We can see the loading animation but it just hangs forever and the page stays blank.
It’s doing the same thing in both our Airflow 2.0 and Airflow 1.10.5 deployments.

We get this exception in our webserver’s log when we try to access the task log:

[2021-02-09 13:50:21,194] {base.py:150} WARNING - POST http://astronomer-elasticsearch-nginx.bi-astronomer:9200/_count [status:N/A request:30.003s]
Traceback (most recent call last):
  File "/usr/local/lib/python3.7/site-packages/urllib3/connection.py", line 160, in _new_conn
    (self._dns_host, self.port), self.timeout, **extra_kw
  File "/usr/local/lib/python3.7/site-packages/urllib3/util/connection.py", line 84, in create_connection
    raise err
  File "/usr/local/lib/python3.7/site-packages/urllib3/util/connection.py", line 74, in create_connection
    sock.connect(sa)
socket.timeout: timed out
During handling of the above exception, another exception occurred:
Traceback (most recent call last):
  File "/usr/local/lib/python3.7/site-packages/elasticsearch/connection/http_urllib3.py", line 242, in perform_request
    method, url, body, retries=Retry(False), headers=request_headers, **kw
  File "/usr/local/lib/python3.7/site-packages/urllib3/connectionpool.py", line 727, in urlopen
    method, url, error=e, _pool=self, _stacktrace=sys.exc_info()[2]
  File "/usr/local/lib/python3.7/site-packages/urllib3/util/retry.py", line 386, in increment
    raise six.reraise(type(error), error, _stacktrace)
  File "/usr/local/lib/python3.7/site-packages/urllib3/packages/six.py", line 735, in reraise
    raise value
  File "/usr/local/lib/python3.7/site-packages/urllib3/connectionpool.py", line 677, in urlopen
    chunked=chunked,
  File "/usr/local/lib/python3.7/site-packages/urllib3/connectionpool.py", line 392, in _make_request
    conn.request(method, url, **httplib_request_kw)
  File "/usr/local/lib/python3.7/http/client.py", line 1277, in request
    self._send_request(method, url, body, headers, encode_chunked)
  File "/usr/local/lib/python3.7/http/client.py", line 1323, in _send_request
    self.endheaders(body, encode_chunked=encode_chunked)
  File "/usr/local/lib/python3.7/http/client.py", line 1272, in endheaders
    self._send_output(message_body, encode_chunked=encode_chunked)
  File "/usr/local/lib/python3.7/http/client.py", line 1032, in _send_output
    self.send(msg)
  File "/usr/local/lib/python3.7/http/client.py", line 972, in send
    self.connect()
  File "/usr/local/lib/python3.7/site-packages/urllib3/connection.py", line 187, in connect
    conn = self._new_conn()
  File "/usr/local/lib/python3.7/site-packages/urllib3/connection.py", line 167, in _new_conn
    % (self.host, self.timeout),
urllib3.exceptions.ConnectTimeoutError: (<urllib3.connection.HTTPConnection object at 0x7fa1b58b0dd0>, 'Connection to astronomer-elasticsearch-nginx.bi-astronomer timed out. (connect timeout=30)')
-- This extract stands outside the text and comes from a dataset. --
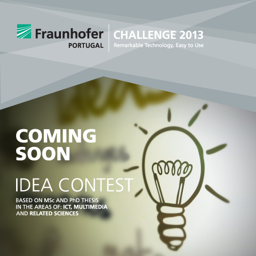 Já está a decorrer a fase de entrega de ideias para o Fraunhofer Portugal Challenge 2013, um concurso de ideias que tem por objectivo promover e recomensar a investigação em áreas de utilidade prática feitas em Portugal.
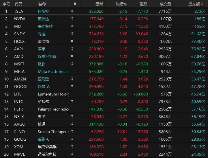 第2名英伟达收高0.14%,成交189亿美元。在人工智能芯片需求持续强劲的背景下,英伟达的关键产能保障依然稳固,但新一代GPU产品推进节奏或受到内存技术瓶颈的影响。

Do you have any idea of what could be causing this ?

The behaviour is still the same after upgrading to v0.23.11.

Hi @Ubald! Thanks for reaching out, and I’m sorry to hear you’re still having trouble seeing logs in the Airflow UI on Astronomer’s latest.

Are you seeing logs populate in Kibana at all? Do you still see Connection to astronomer-elasticsearch-nginx.bi-astronomer timed out?

Given the potential complexity of this issue, can you reach out to Astronomer Support so our team can dig into the behavior you’re seeing in detail? We’re more than happy to help you there, and I’ll keep an eye on that ticket and post back takeaways here for anyone publicly following.

Hi Paola,
Webserver and scheduler logs seem to be showing normaly in Kibana. I can see the “GET” being done by the webserver.
I see " Connection to astronomer-elasticsearch-nginx.bi-astronomer timed out" in the Kubernetes Dashboard for the webserver pod.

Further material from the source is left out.